What is being asked |
Please write out all the data that follows exactly, without the pictures.

Raw data |

== Segment start ==

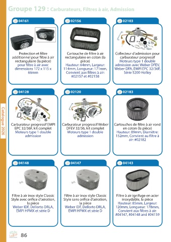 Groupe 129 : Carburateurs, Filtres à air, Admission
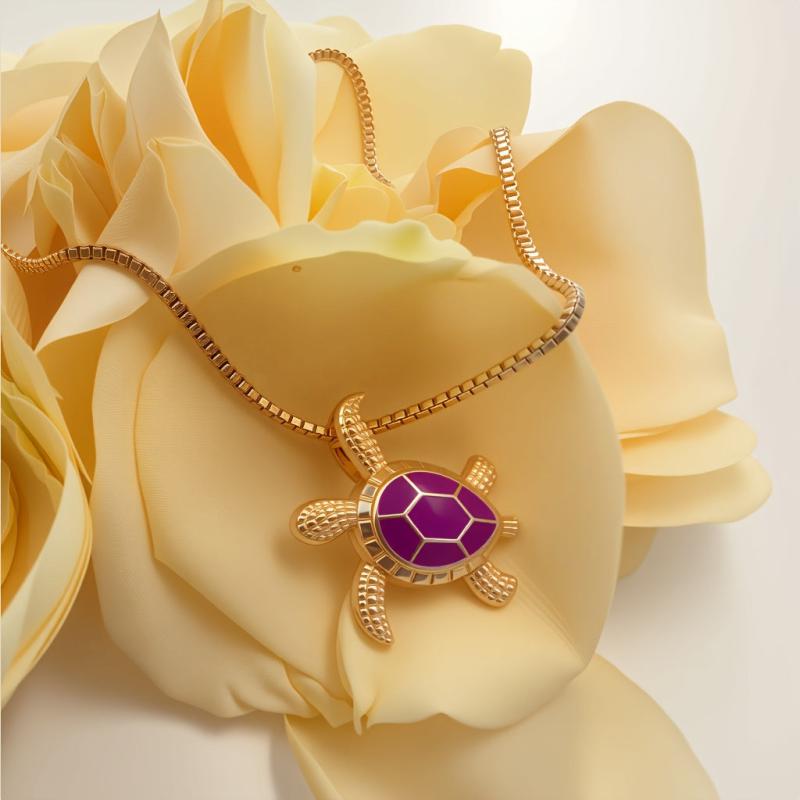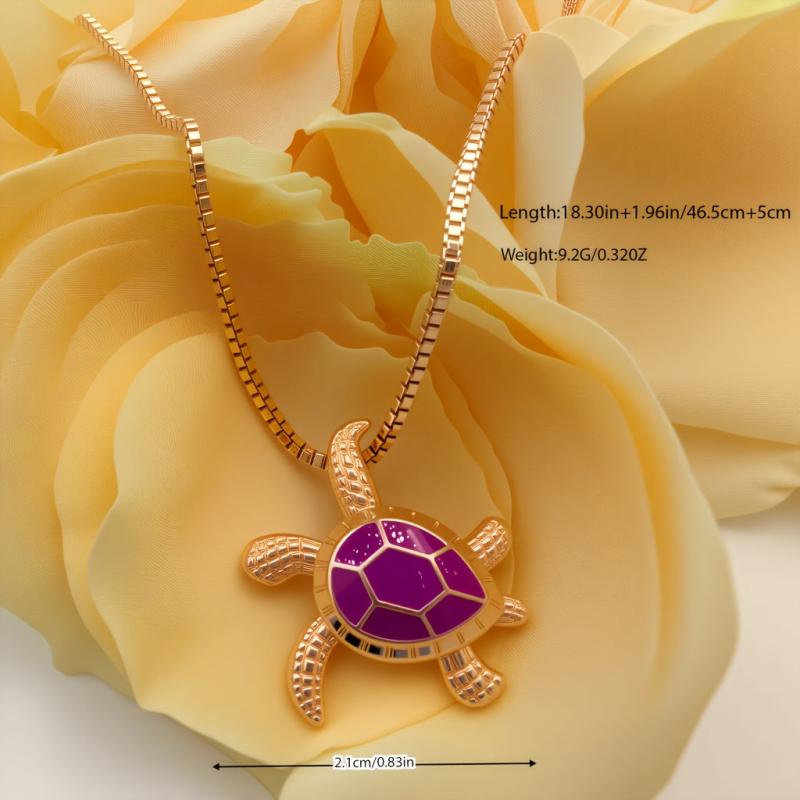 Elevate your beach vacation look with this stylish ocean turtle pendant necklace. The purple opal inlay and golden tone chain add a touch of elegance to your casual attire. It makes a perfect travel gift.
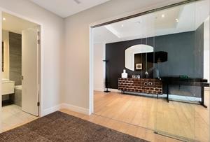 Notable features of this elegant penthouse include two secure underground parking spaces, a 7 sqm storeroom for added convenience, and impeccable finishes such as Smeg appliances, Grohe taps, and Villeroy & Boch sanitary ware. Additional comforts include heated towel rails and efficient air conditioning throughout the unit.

== Segment end ==

Completed task |
 Groupe 129 : Carburateurs, Filtres à air, Admission
 Elevate your beach vacation look with this stylish ocean turtle pendant necklace. The purple opal inlay and golden tone chain add a touch of elegance to your casual attire. It makes a perfect travel gift.
 Notable features of this elegant penthouse include two secure underground parking spaces, a 7 sqm storeroom for added convenience, and impeccable finishes such as Smeg appliances, Grohe taps, and Villeroy & Boch sanitary ware. Additional comforts include heated towel rails and efficient air conditioning throughout the unit.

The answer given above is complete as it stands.